Welcome to milabench’s documentation!
Install and use
Note
You may use Docker to run the benchmarks, which will likely be easier. See the Docker section of this documentation for more information.
To install, clone the repo:
# You may need to upgrade pip
pip install pip -U
git clone git@github.com:mila-iqia/milabench.git
cd milabench
# <Activate virtual environment>
# Install in editable mode
pip install -e .
This will install two commands, milabench
and voir
.
Before running the benchmarks
Set the
$MILABENCH_BASE
environment variable to the base directory in which all the code, virtual environments and data should be put.Set the
$MILABENCH_CONFIG
environment variable to the configuration file that represents the benchmark suite you want to run. Normally it should be set toconfig/standard.yaml
.milabench install
: Install the individual benchmarks in virtual environments.milabench prepare
: Download the datasets, weights, etc.
If the machine has both NVIDIA/CUDA and AMD/ROCm GPUs, you may have to set the MILABENCH_GPU_ARCH
environment variable as well, to either cuda
or rocm
.
Run milabench
The following command will run the whole benchmark and will put the results in a new directory in $MILABENCH_BASE/runs
(the path will be printed to stdout).
milabench run
Here are a few useful options for milabench run
:
# Only run the bert benchmark
milabench run --select bert
# Run all benchmarks EXCEPT bert and stargan
milabench run --exclude bert,stargan
# Run the benchmark suite three times in a row
milabench run --repeat 3
Reports
The following command will print out a report of the tests that ran, the metrics and if there were any failures. It will also produce an HTML report that contains more detailed information about errors if there are any.

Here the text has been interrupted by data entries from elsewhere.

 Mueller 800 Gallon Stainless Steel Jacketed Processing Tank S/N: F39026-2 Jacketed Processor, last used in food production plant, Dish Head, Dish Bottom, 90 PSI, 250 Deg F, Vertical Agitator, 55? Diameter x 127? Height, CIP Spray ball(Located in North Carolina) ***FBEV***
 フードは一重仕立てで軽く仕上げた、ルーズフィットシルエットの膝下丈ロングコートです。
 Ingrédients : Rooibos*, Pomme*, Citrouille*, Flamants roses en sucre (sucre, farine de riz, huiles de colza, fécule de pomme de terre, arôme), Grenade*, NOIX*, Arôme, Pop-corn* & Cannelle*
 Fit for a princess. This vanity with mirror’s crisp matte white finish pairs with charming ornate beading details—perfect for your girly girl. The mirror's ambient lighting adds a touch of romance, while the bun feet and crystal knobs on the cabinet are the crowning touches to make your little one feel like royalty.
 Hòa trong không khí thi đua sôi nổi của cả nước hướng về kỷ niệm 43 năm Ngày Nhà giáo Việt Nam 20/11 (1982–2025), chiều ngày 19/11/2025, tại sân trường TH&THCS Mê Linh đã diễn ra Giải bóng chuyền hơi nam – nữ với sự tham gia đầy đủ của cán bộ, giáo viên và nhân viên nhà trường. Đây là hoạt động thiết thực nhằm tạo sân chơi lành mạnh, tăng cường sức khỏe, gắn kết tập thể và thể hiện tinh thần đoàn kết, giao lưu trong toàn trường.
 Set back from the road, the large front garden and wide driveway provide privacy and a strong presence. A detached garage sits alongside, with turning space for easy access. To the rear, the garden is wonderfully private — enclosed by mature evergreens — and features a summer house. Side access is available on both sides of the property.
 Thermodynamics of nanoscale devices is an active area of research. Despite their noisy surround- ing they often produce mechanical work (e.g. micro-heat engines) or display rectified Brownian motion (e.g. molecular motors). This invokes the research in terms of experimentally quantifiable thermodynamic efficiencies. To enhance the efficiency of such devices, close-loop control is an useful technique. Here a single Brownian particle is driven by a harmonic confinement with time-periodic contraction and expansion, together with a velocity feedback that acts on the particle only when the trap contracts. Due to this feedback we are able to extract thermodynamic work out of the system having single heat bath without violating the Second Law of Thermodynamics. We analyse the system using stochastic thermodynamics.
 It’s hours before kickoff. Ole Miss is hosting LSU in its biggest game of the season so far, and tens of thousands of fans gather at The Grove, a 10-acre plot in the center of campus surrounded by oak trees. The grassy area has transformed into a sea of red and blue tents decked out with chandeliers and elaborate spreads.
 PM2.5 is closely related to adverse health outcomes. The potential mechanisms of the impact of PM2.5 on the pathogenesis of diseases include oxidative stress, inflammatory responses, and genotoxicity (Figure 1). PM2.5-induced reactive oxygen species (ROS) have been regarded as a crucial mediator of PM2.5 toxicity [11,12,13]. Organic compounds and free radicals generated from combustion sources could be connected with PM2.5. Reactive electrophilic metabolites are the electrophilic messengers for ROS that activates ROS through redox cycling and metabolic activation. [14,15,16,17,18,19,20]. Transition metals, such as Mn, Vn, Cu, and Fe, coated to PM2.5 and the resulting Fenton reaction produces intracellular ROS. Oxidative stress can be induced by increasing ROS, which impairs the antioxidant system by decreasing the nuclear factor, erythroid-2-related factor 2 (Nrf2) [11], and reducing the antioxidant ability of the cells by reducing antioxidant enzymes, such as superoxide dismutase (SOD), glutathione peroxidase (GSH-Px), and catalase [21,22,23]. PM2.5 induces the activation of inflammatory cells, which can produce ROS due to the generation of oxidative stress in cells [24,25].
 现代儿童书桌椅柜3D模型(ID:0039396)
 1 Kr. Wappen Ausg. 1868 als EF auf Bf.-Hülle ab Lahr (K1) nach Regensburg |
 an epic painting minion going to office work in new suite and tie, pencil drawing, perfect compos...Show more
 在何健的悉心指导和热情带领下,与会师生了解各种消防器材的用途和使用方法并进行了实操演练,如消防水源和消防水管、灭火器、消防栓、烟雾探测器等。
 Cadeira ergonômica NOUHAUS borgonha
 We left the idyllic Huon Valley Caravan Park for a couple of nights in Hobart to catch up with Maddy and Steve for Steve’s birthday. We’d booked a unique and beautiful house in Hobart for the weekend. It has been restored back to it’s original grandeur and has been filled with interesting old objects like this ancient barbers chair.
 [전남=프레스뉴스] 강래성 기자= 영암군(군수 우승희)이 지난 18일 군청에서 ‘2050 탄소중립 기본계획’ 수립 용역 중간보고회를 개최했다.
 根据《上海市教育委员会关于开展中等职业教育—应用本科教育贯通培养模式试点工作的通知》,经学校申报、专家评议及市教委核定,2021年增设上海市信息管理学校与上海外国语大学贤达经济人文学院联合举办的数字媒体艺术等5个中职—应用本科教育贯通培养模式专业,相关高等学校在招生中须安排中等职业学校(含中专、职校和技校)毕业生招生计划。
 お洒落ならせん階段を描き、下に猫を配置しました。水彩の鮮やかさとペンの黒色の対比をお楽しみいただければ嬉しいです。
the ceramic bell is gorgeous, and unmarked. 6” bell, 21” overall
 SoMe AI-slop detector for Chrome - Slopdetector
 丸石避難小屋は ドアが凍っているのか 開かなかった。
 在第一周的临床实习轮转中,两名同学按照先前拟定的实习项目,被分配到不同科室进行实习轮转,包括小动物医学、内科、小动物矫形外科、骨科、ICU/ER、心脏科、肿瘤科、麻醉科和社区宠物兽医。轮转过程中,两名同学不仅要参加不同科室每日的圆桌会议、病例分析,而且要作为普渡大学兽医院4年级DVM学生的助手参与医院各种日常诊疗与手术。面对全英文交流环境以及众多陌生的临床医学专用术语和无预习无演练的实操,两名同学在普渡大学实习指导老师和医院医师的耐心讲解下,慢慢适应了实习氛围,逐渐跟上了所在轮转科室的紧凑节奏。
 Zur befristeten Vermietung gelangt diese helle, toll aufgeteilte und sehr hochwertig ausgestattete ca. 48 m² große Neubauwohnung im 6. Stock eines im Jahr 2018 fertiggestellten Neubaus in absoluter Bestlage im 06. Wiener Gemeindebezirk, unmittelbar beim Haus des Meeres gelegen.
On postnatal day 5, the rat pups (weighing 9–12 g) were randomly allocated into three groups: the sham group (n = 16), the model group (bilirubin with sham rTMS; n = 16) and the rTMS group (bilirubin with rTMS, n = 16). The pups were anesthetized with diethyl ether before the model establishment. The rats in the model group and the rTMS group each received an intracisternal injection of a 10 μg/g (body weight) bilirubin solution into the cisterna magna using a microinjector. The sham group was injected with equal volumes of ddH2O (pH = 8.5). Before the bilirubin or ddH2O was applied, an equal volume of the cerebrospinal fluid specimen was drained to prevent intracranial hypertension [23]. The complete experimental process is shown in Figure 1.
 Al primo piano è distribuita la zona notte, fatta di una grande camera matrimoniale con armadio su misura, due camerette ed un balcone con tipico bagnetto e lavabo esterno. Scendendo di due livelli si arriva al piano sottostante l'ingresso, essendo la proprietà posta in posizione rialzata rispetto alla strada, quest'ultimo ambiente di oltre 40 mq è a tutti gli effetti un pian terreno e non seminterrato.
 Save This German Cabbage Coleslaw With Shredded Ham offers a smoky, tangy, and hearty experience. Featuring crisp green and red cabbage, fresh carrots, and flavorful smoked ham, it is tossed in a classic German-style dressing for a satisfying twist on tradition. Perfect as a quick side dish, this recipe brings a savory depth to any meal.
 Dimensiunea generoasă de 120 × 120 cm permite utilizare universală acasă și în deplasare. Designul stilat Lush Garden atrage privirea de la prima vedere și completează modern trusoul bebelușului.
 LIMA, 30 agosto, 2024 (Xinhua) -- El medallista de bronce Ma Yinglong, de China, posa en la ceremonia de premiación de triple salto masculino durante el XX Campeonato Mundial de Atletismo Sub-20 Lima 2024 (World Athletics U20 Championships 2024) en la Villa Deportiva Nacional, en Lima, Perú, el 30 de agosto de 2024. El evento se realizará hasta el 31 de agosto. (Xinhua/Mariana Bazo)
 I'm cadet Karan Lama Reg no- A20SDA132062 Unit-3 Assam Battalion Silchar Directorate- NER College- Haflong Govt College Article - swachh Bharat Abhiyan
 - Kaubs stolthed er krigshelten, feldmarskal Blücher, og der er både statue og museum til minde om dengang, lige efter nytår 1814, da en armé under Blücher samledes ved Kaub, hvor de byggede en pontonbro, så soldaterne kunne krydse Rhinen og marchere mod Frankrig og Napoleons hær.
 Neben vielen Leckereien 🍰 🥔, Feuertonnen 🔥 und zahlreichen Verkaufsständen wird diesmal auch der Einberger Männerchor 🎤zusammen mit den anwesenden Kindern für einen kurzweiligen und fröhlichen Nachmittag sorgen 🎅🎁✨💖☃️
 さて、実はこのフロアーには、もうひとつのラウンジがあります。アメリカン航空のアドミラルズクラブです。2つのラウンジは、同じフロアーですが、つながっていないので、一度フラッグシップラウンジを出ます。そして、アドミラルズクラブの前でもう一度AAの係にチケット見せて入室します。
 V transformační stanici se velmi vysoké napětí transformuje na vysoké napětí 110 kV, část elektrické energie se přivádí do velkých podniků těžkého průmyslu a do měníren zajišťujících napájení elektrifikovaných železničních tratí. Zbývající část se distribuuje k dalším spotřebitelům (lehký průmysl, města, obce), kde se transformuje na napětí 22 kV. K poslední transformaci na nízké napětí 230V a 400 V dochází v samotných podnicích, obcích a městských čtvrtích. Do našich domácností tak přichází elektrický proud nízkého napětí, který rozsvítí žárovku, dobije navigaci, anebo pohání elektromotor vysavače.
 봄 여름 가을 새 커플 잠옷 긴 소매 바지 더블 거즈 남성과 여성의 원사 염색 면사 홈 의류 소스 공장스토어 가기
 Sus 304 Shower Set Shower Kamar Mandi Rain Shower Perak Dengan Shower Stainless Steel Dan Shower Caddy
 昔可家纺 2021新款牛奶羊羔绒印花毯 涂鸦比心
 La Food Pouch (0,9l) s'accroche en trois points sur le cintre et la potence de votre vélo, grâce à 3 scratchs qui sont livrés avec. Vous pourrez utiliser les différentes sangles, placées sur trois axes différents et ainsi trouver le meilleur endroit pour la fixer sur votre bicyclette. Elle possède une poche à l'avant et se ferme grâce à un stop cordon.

milabench report --runs $MILABENCH_BASE/runs/some_specific_run --html report.html
The report will also print out a score based on a weighting of the metrics, as defined in the file $MILABENCH_CONFIG
points to.
Docker
Docker Images are created for each release. They come with all the benchmarks installed and the necessary datasets. No additional downloads are necessary.
CUDA
Requirements
NVIDIA driver
Usage
The commands below will download the lastest cuda container and run milabench right away,
storing the results inside the results
folder on the host machine:
# Choose the image you want to use
export MILABENCH_IMAGE=ghcr.io/mila-iqia/milabench:cuda-nightly
# Pull the image we are going to run
docker pull $MILABENCH_IMAGE
# Run milabench
docker run -it --rm --ipc=host --gpus=all \
-v $(pwd)/results:/milabench/envs/runs \
$MILABENCH_IMAGE \
milabench run
--ipc=host
removes shared memory restrictions, but you can also set --shm-size
to a high value instead (at least 8G
, possibly more).
Each run should store results in a unique directory under results/
on the host machine. To generate a readable report of the results you can run:
# Show Performance Report
docker run -it --rm \
-v $(pwd)/results:/milabench/envs/runs \
$MILABENCH_IMAGE \
milabench report --runs /milabench/envs/runs
ROCM
Requirements
rocm
docker
Usage
For ROCM the usage is similar to CUDA, but you must use a different image and the Docker options are a bit different:
# Choose the image you want to use
export MILABENCH_IMAGE=ghcr.io/mila-iqia/milabench:rocm-nightly
# Pull the image we are going to run
docker pull $MILABENCH_IMAGE
# Run milabench
docker run -it --rm --ipc=host \
--device=/dev/kfd --device=/dev/dri \
--security-opt seccomp=unconfined --group-add video \
-v /opt/amdgpu/share/libdrm/amdgpu.ids:/opt/amdgpu/share/libdrm/amdgpu.ids \
-v /opt/rocm:/opt/rocm \
-v $(pwd)/results:/milabench/envs/runs \
$MILABENCH_IMAGE \
milabench run
For the performance report, it is the same command:
# Show Performance Report
docker run -it --rm \
-v $(pwd)/results:/milabench/envs/runs \
$MILABENCH_IMAGE \
milabench report --runs /milabench/envs/runs
Multi-node benchmark
There are currently two multi-node benchmarks, opt-1_3b-multinode
(data-parallel) and opt-6_7b-multinode
(model-parallel, that model is too large to fit on a single GPU). Here is how to run them:
Set up two or more machines that can see each other on the network. Suppose there are two and their addresses are:
manager-node
⬅ this is the node you will launch the job on
worker-node
docker pull
the image on both nodes.Prior to running the benchmark, create a SSH key pair on
manager-node
and set up public key authentication to the other nodes (in this case,worker-node
).Write an override file that will tell milabench about the network (see below). Note that you will need to copy/paste the same configuration for both multinode tests.
On
manager-node
, executemilabench run
via Docker.
Mount the private key at
/milabench/id_milabench
in the containerUse
--override "$(cat overrides.yaml)"
to pass the overrides
Example YAML configuration (overrides.yaml
):
# Name of the benchmark. You can also override values in other benchmarks.
opt-6_7b-multinode:
# Docker image to use on the worker nodes (should be same as the manager)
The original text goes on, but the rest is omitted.